So Phoenix makes a choice, the first in a string of them like dominoes. “You know,” he says. He offers his hand. “You’re the first person who’s said that to me.”


“You can’t have loved me,” Phoenix says, because there’s nothing else he can say. “Not really.”

But Kristoph looks up at him, and suddenly the terror Phoenix has been unwinding from his spine blossoms anew, because — “I did,” Kristoph says again, and the twist to his mouth is the self-deprecating one Phoenix has only seen once before, tired and bitter and vulnerable. He’s telling the truth.


“I was thinking,” Kristoph says. He’s sliding his wallet back into his pocket; he’s insisted on paying the bill. “We could do this again. Still my treat, of course.”

Phoenix knows he’s meant to protest. He’s too tired for those loosely-defined rules of propriety and performance. This is what he wanted, after all. Keeping Kristoph close. Finding out what he wants. Who he might be. “Sure,” Phoenix says.

Kristoph’s smile is sudden. Startled, like he hadn’t expected such easy acquiescence. Like he’s actually looking forward to this. It’s almost endearing, if Phoenix forgets the way his intuition is a heavy lump sitting in his throat.


“Trucy,” Phoenix says. “Truce.”

“Yes, Daddy?”

The words dry up on his tongue. This is what comes out: “I need you to stay away from Mr. Gavin.”

“I know,” Trucy says, no sign of the preteen recalcitrance she’s recently put on like a coat. Eyes searching and sincere. “I’ve been trying.”


“I don’t know what to tell you,” Kristoph says eventually. He plucks at the ribbon at his throat, loosening it. He drops it into the box behind him, the one which isn’t for Klavier, without looking. “Think about it. Why wouldn’t I have loved you?”
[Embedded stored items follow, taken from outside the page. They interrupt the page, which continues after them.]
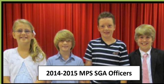
2014-2015 MPS SGA Officers
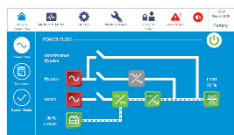
10" colorful touch panel at a glance view for friendly indicator
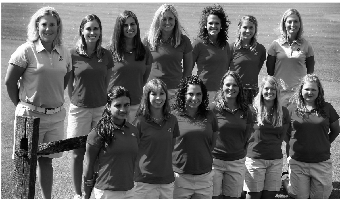
2007-08 KANSAS WOMEN'S GOLF TEAM
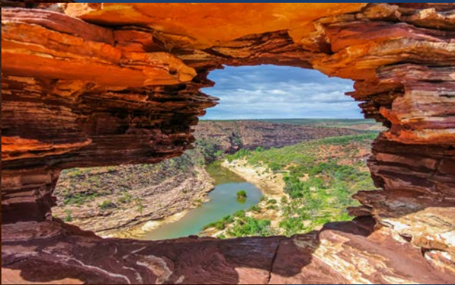
WINDOWS LOOP TRAIL
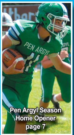
Pen Argyl Season Home Opener page 7

VOL. 29 NO. 36 SERVING THE SLATE BELT, SOUTHERN POCONOS & NORTHERN N.J. DAILY ONLINE AT WWW.BLUEVALLEYTIMES.COM AND FACEBOOK SEPTEMBER 7, 2021
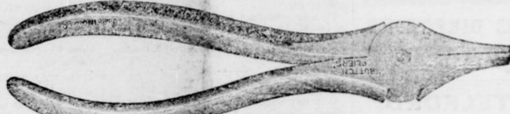
STEEL WIRE PINCHERS AND CUTTERS—ALL SIZES FROM 50c. UP. Pig Ringers and Rings—Plough Lines from 13 cents up.

Straw hats—wide rims—8 cents up. Cr s' Towelling (wide) Tuesday 5 cents a yard. 4 cent Sugar Syrup, Tuesday 2 cents a lb. New Bicycle tweeds—very stylish—from 25 cents to 40 cents a yard. Cycle Pant clips, Reg. 10 cents at 5 cents a pair.
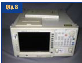
Ando AQ6317B Optical Spectrum Analyzer
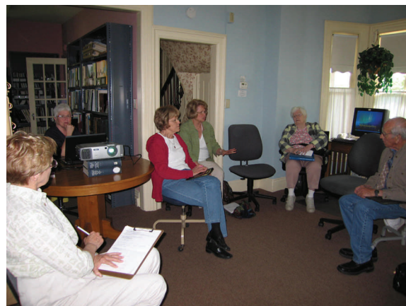
Ancestry.com Webinar at the library — always something to learn
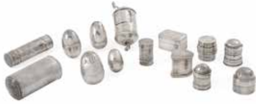
34 AN ASSEMBLED GROUP OF FOURTEEN ENGLISH AND CONTINENTAL SILVER NUTMEG GRINDERS by various makers, 18th century and later Including a cylinder form grinder, mark of George Unite, Birmingham, 1859; a box form grinder, mark of Joseph Wilmore, Birmingham, 1806; an egg-form grater, mark of William Southey, London, 1810, the largest length 3in (8cm) , total silver weight approximately 10oz troy. $1,500 - 2,000
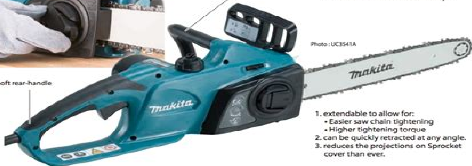
Easy-to-grip Front loop handle

The whole shape is firmly held, especially when the machine is tilted sideways.
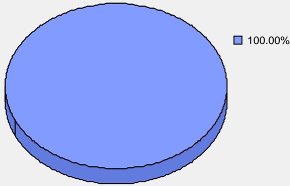
Total Breakdown of percentage by year for Mill Codes
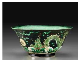
Title: Bowl with Flaring Rim and Black Ground Date: probably 18th century Primary Maker: Chinese, Qing Dynasty (1644-1911) Medium: Famille noire porcelain Dimensions: 3 1/2 x 7 1/2 in. (8.9 x 19.1 cm)
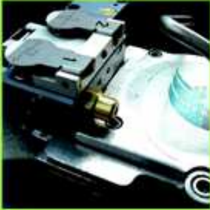
New cooling welding time indicator
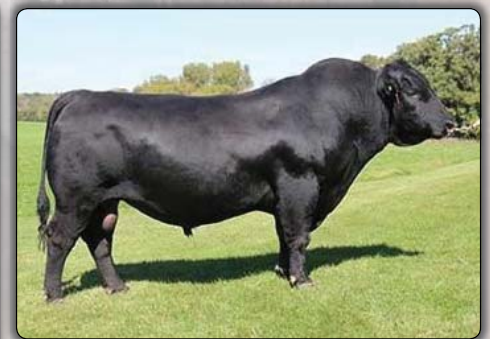
Quaker Hill Rampage 0A36 Sire of Lot 36 embryos
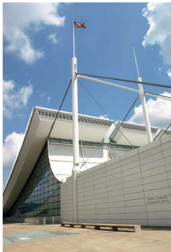
David L. Lawrence Convention Center - the GM venue.

a Student/ Faculty/Industry luncheon and Poster Contest.
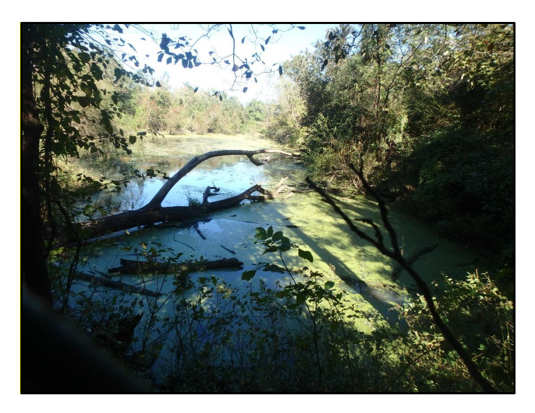
Waters 5EE – POW
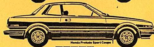
Honda Prelude Sport Coupe
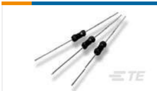
TE Part #4-1625885-7 1W SM M/OX 5% 22R
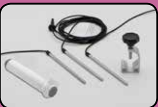
ISP3XS Intraoperative Probe Starter Pack
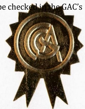
Director General, GCC Accreditation Center
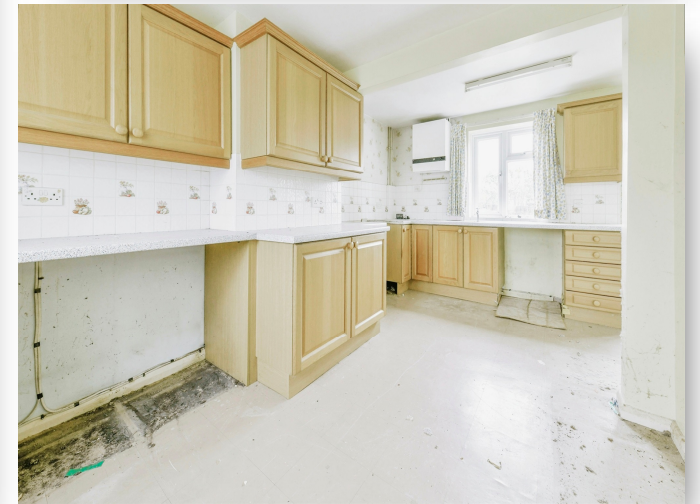
Cambridge Road Cottage, Ware SG11 1BA
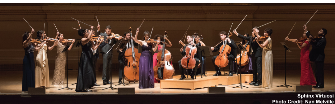
Sphinx Virtuosi

Co-sponsored by The Dean's Office of UB's College of Arts and Sciences
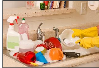
do the dishes
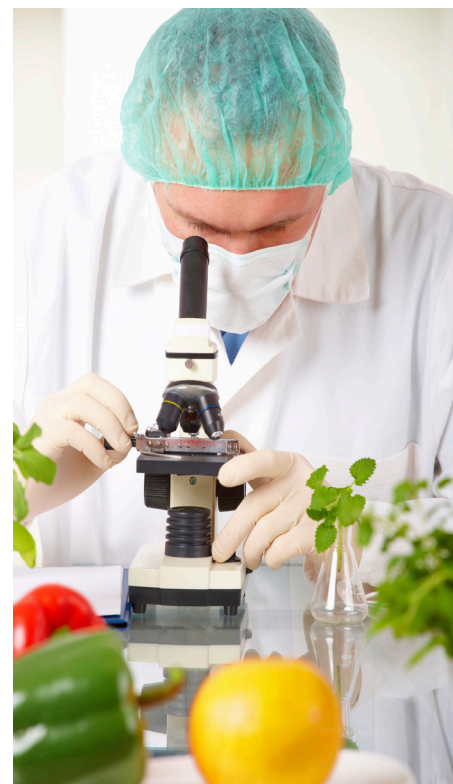
Fig. 2: The insertion of the new gene is fired into the DNA of the plant seed by a type of gene gun. The resulting DNA behaviour of the plant is unpredictable and unknown, because it is a completely new organism to this planet.

Cross-pollination: If you are an organic farmer and your crops are cross pollinated by a GM crop, then the Biotech company is able to force the farmer to buy their seeds and pesticides; 27 because effectively the farmer is now using their GE patented product! In this way the Biotech companies are trying to patent nature!
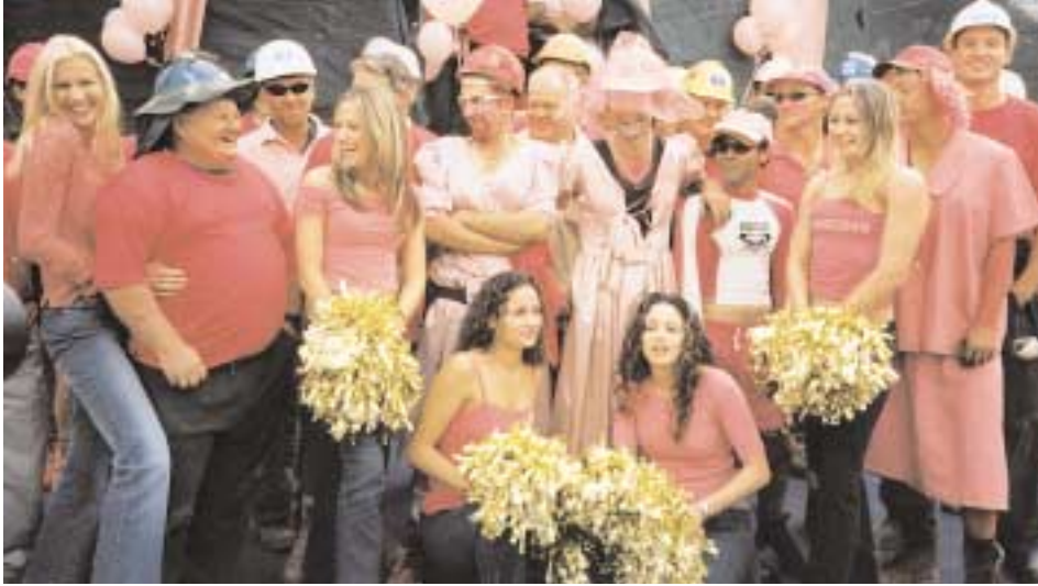
The Broncos' Cheerleaders with site crew.

HUTCHIES' crew on Leyshon's Regatta Riverside building site were recently, literally, in the pink.
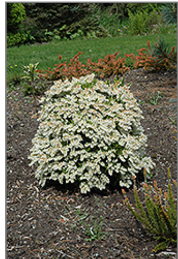
Prelude Japanese Pieris in bloom
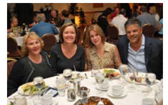
'08 PRISM conference, Alaska
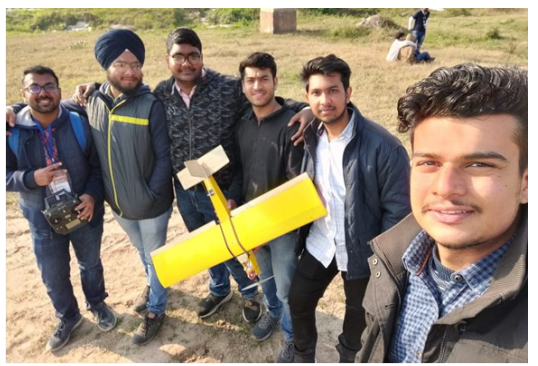
1^{\mbox{\scriptsize st}} Position in Aero-Modeling Competition
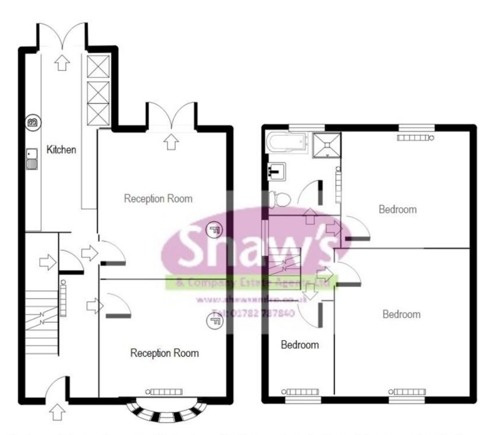
Whilst every attempt has been made to ensure the accuracy of the floor plan contained here, measurements of doors, windows, rooms and any other items are approximate and no responsibility is taken for any error, omission, or mis-statement and the floor plan is an illustration only as a guide. This plan is for illustrative purposes only and should be used as such by any prospective purchaser or tenant. The services, systems, appliances, shown have not been tested and no guarantee as to their operation or efficiency can be given. Made with Visual Builder

“Because you’re—” A monster? A murderer? Incapable of love? Phoenix starts the sentence, but every possible way of ending it crumbles to ash. That’s the thing about Kristoph, him and his impossibly specific opinions about printer paper or nail polish. Him and his hubris. Him and his jealousy, kept under lock and key. He’s human, just like every other sorry soul Phoenix knows.

“You see,” Kristoph says, gently.


Two years and six months into their weekly encounters — eleven months into knowing what Kristoph tastes like — Phoenix sits up, reaching for his shirt. Kristoph stills him with a hand on his wrist.

“Stay.”

Phoenix stares. Kristoph is half-undone, still, cheeks flushed and eyes lidded with that incapacitating post-coital glow. Soft; open. Like this, it’s hard not to admit he’s beautiful.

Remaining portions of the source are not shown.